Attempts to reach Sipple and his family were unsuccessful.

Signs Of Abuse

Those close to Hampshire describe her relationship with Sipple as tempestuous. Diane Lundh met Hampshire through their work at Walgreens in Brooksville.

In an e-mail following a phone conversation with a reporter, Lundh writes that Hampshire "seemed scared of him", but never really explained why at first.

But in the days leading up to her death, Hampshire opened up.

She talked about a pact made with Sipple that she would never call 911. She broke that deal a few weeks before her death when Sipple strangled her with a phone cord. When the cops showed up, Hampshire told them she dialed the wrong number.

She told Lundh she was scared Sipple would begin drinking again and kill her. He implied she would never escape because he had "big friends" in a motorcycle gang.

In Internet chat messages, Hampshire wrote "I feel like a prisoner in my own home."

A few days later, "I got the other phone and tried to call the cops, but he hung it up and called me a crack whore, broke everything in the house. He wants to kill me."

'Scariest Day Of My Life'

Sometime between 2 a.m. and 3 a.m. the morning of Jan. 31, 2006, Hampshire called her friend from outside a Brooksville feed store. That was the last time anyone heard from her.

For three days, Hampshire's friends called and shouted her name through the chain-link fence that surrounded her property. There was no response.

Finally, they swallowed their fear of Sipple finding them on the property and hopped the fence. The back door was open. Her room was a mess; the lamp was overturned. Only the muted sound of a TV left on broke the quiet. They didn't see the blood on the wall.

In Hampshire's room, they could just make out a human shape beneath the heavy Indian blankets. They peeked under the bottom edge and found Hampshire's socked feet.
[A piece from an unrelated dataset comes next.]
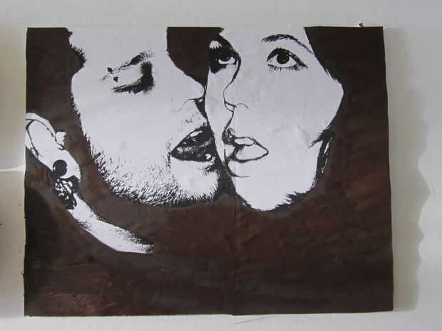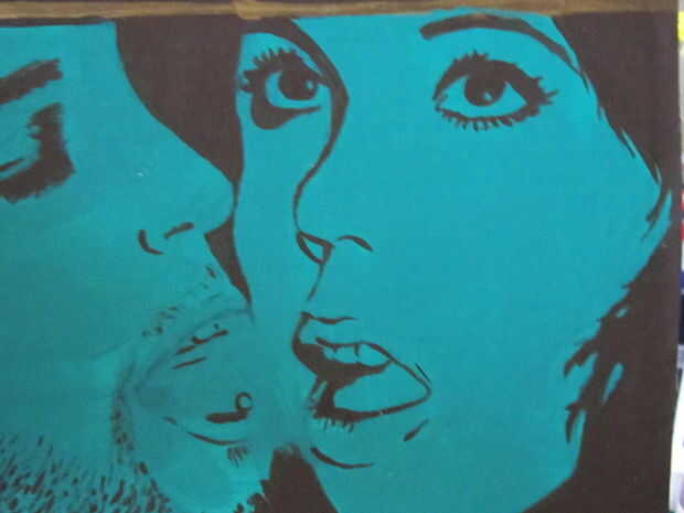 3 empezar a pintar los detalles con el color más oscuro. No pintar las líneas poco favorecedores, como grandes arrugas, manchas, unibrows y topos gigantes. Usted puede también subliman la imagen como usted desea, recorte de un milímetro o dos del contorno de una cara para hacerla más delgadas, o alarga las pestañas y añadiendo detalles al cabello. Lo bueno con la pintura es que te puedes equivocar! Siempre se puede corregir una línea inestable o una mancha mediante la adición de otra capa de color.

Panicking, they ran outside and called 911.

"It was the scariest day of my life," recalled Lundh.

Investigators arrived. They were examining the grim scene, when Detective Billy Beetz got a call. Sipple was at the jail; he wanted to talk.

He told Beetz that Hampshire pulled the gun on him, they struggled for it, the gun went off, Hampshire was shot. It was an accident. As to why he never called authorities, Sipple could only say he panicked.

Handwritten Appeals

The suspect was charged with second-degree murder. It went to trial a year later. A jury found him guilty of a lesser offense of manslaughter. The judge sentenced him to 12 years in prison.

From his jail cell, Sipple began hand-writing his appeals, first to the trial judge, Jack Springstead. His claims of incompetent counsel were overruled.

So Sipple wrote to a higher authority, the appeals court. They found fault in a jury instruction that stated the self-defense argument could not be used if Sipple was attempting to commit another crime. Sipple was only charged with one crime, second-degree murder, but his lawyer did not object to that instruction.

The appeals court granted Sipple a new trial in December.

On Friday, prosecutor Sherry Byerly explained that the appeals court had also taken away her right to invoke the Williams Rule in the new trial. That rule basically allows witnesses to speak on behalf of a dead victim and provide testimony that would otherwise be considered hearsay.

"Without that evidence to prove his motive and intent, (I would be) hard pressed to avoid any judgment of acquittal," Byerly said.

She emphasized that it was not a situation that her office was happy with and it was clear that the family was not pleased either.

But "when your evidence is basically eviscerated, you take what you can get."